Second, if, indeed, humanity is making any “progress” at all, then it has come, and always comes, at great expense. Progress is a Faustian bargain, and not always a good one.
When you read your next proposal to improve something about our fundraising systems or programs or school systems, what you won’t see are prophecies about what will go wrong, what mistakes will be made, or what negative consequences will arise from it.
These considerations are absent because systemaphiles create plans based on oversimplified assumptions and one dimensional metaphors.
In an effort to reduce a situation to a set of clear principles, systemaphiles have to ignore all paradoxes, contradictions, and competing principles. They have to overlook the possibilities of error, and to pretend that nothing of value can be lost.
As Lewis Mumford points out, “Life cannot be reduced to a system; the best wisdom, when so reduced to a single set of insistent notes, becomes a cacophony, indeed, the more stubbornly one adheres to a system, the more violence one does to life.” Pg 109-112, Crazy talk, Stupid Talk.”
Based on this, every system you introduce is going to have some drawbacks, and some bargains you have to make that you probably won’t like. Or that people around you won’t like.
To make your fundraising office more efficient, to make your job less like three people’s jobs, you might have to alienate some board members who don’t want you to have a database.
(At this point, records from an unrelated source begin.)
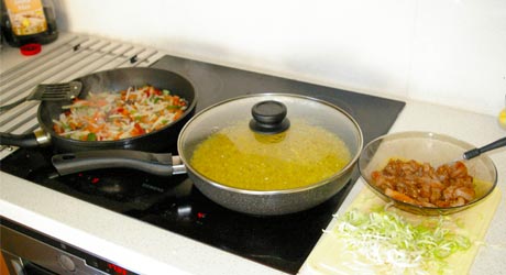 Na patelni rozgrzewamy olej i wrzucamy warzywa, solimy. Smażymy na największym ogniu nie dłużej niż 5 minut. Mają się tylko rozmrozić i odparować - muszą pozostać twardawe w środku, prawie surowe. Gdy są już gotowe dorzucamy je do smażonego ryżu.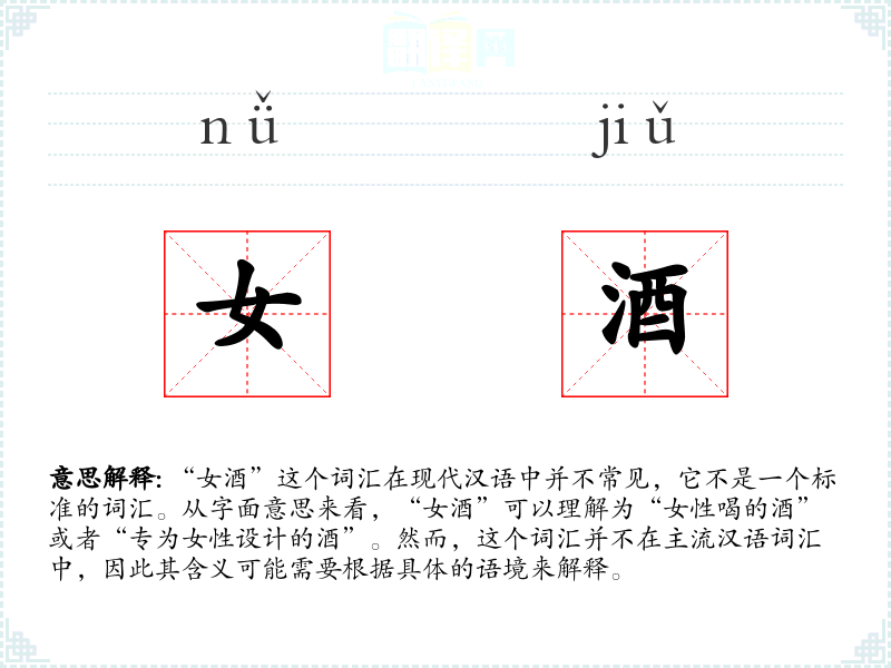 “女酒”这个词汇在现代汉语中并不常见,它不是一个标准的词汇。从字面意思来看,“女酒”可以理解为“女性喝的酒”或者“专为女性设计的酒”。然而,这个词汇并不在主流汉语词汇中,因此其含义可能需要根据具体的语境来解释。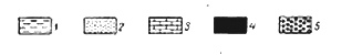 Рис. 5 Геологический профиль Тингутинского нефтегазового месторождения. 1–глины; 2–песчаники; 3–известняки; 4–нефтяные залежи; 5–газовые залежи. 4.2. Геологическое строение В геологическом отношении территории принимают участие отложения двух эратем: мезозойской и кайнозойской. В мезозой выделяются нижние и верхние отложения меловой системы. В кайнозое выделяются палеогеновые, неогеновые и четвертичные отложения. 4.2.1. Литолого-стратиграфическая характеристика Меловая система (К) В меловых отложениях выделяют два отдела, это нижний и верхний. В нижнем мелу (K1 ) скважинами вскрыт только альбский ярус. Альбский ярус (K1 al) разбит на три подъяруса: нижний, средний и верхний. Мощность отложений вскрытой части альба составляет 350-500 м. Нижнеальбский подъярус (K1 al1 ). Вскрыт многочисленными разведочными скважинами. В этих отложениях найден характерный комплекс фораминифер нижнеальбского возраста. Литологически представлен песчаниками, песками, алевролитами серыми и зеленовато-серыми, местами карбонатными с прослоями глин тёмно-серых алевритистых. Нижнеальбские отложения являются главным продуктивным горизонтом. Отложения нижнеальбского подъяруса вскрыты и изучены только на 140 м. Среднеальбский подъярус (K1 al2 ). Фаунистически эти отложения очень бедны. Литологически разделен на две пачки: нижнюю и верхнюю. Нижняя пачка – глины тёмно-серые, почти чёрные, с прослоями алевролитов более светлых. Верхняя пачка – аналогичные глины с большим содержанием алевритистого материала. Средний альб залегает трансгрессивно на нижнеальбских отложениях. Мощность отложений достигает 120-155 м. Верхнеальбский подъярус (K1 al3 ). Залегает непосредственно на среднеальбских глинистых отложениях. При контакте пород с сеноманскими глинистыми отложениями установление контакта нижний – верхний мел затруднительно. Присутствует микрофауна альбского и сеноманского возрастов. Резкие колебания мощностей верхнего альба происходят в основном за счёт неравномерного размыва отложений предсеноманской трансгрессией. Литологически представлен глинами тёмно-серыми, слоистыми с прослоями преимущественно в нижней части алевролитов и песчаников светло-серых и серых. Мощность отложений колеблется от 90 до 200 м. Верхний мел (K2 ). Очень широко распространены на описываемой территории. Верхнемеловые отложения представлены шестью ярусами: сеноманский (K2 s), туронский (K2 t), коньякский (K2 k), сантонский (K2 st), кампанский (K2 km), маастрихтский (K2 m). Сантон разделён на два подъяруса: нижний и верхний. Датский ярус на данной территории выклинивается. Верхний мел залегает на тёмно-серых глинах верхнего альба. Сеноманский ярус (K2 s). Вскрыт на данной территории практически всеми разведочными скважинами. Эти отложения содержат характерный комплекс фораминифер. На границе с нижним мелом залегают алевролиты серые, известковистые, с прослоями глин. Выше по разрезу – глины серые, сильно известковистые, с прослоями алевролитов. В кровле – алевролиты серые с буровым оттенком, с прослоями глин. Мощность отложений от 60 до 110 м. Туронский ярус (K2 t). Трансгрессивно залегает на размытой поверхности сеноманских отложений. Отложения содержат комплекс микрофауны. Отложения турона используют в качестве регионального маркирующего горизонта, репера, свидетельствующим о значительном изменении у

Or bring in a bunch of volunteers that your boss doesn’t want you to take time coordinating.
Or make some board members get sick of you haranguing them to fundraise. You might get fired.
Standing up for yourself and your boundaries at work also might get you fired.
There’s always a drawback to any plan.
I’ve been working so hard this year, and I know you have too. But every time we plan, it doesn’t work out in some way. No matter what you do, there’s no kind of plan that is without failures.
So right now I encourage you to not beat yourself up for anything you could have done better this year.
It’s important to take a break, to take a breath, to take stock, to regroup. I just wanted you to know that I’m taking my own medicine. I’m doing this, and I hope you can too.
The perfect plan isn’t going to solve your problems or my problems.
The perfect system isn’t going to solve our problems.
But understanding that what works is a lot more chaotic and haphazard than we imagined-that is powerful.
I hope this gives you permission to just randomly try new things this year. You never know what will work until you try!
Very nice. Thanks.
BTW, the systems dudes you mentioned were just that — dudes.
Women — at least in our place and time — get to be, and, often, have to be, a lot more reality-oriented than that….
May your reap the blessings of your reality-based optimism in 2105.